[[ Material for this exercise, beginning ]]
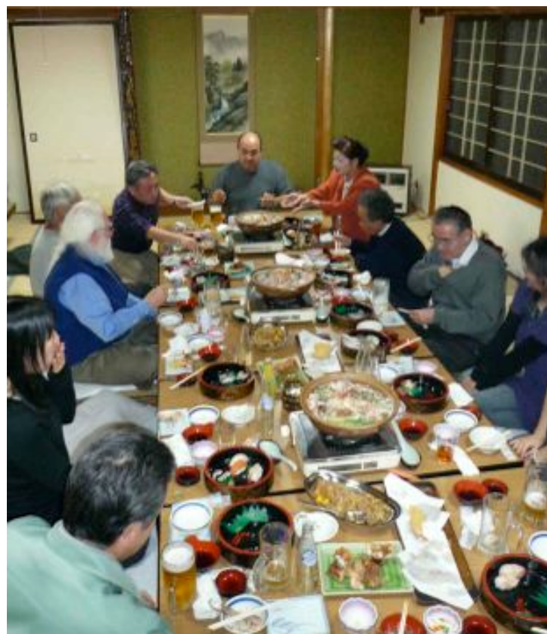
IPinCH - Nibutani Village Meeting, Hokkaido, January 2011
[[ Material for this exercise, end ]]
[[ Material for this exercise, beginning ]]
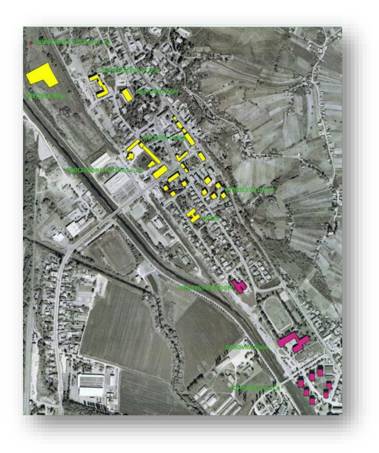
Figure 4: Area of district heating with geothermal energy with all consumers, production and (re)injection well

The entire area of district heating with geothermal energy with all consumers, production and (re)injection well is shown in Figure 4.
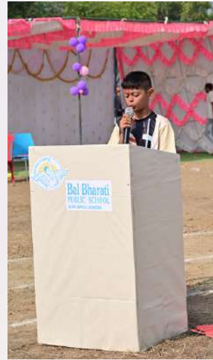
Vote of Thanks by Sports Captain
[[ Material for this exercise, end ]]
*Problem description:*
Beginning at the line above that contains "The entire area" and going on through the line that contains "Vote of Thanks by Sports Captain", please copy every line exactly, leaving the pictures out and adding nothing.

*Expected answer:*
The entire area of district heating with geothermal energy with all consumers, production and (re)injection well is shown in Figure 4.
Vote of Thanks by Sports Captain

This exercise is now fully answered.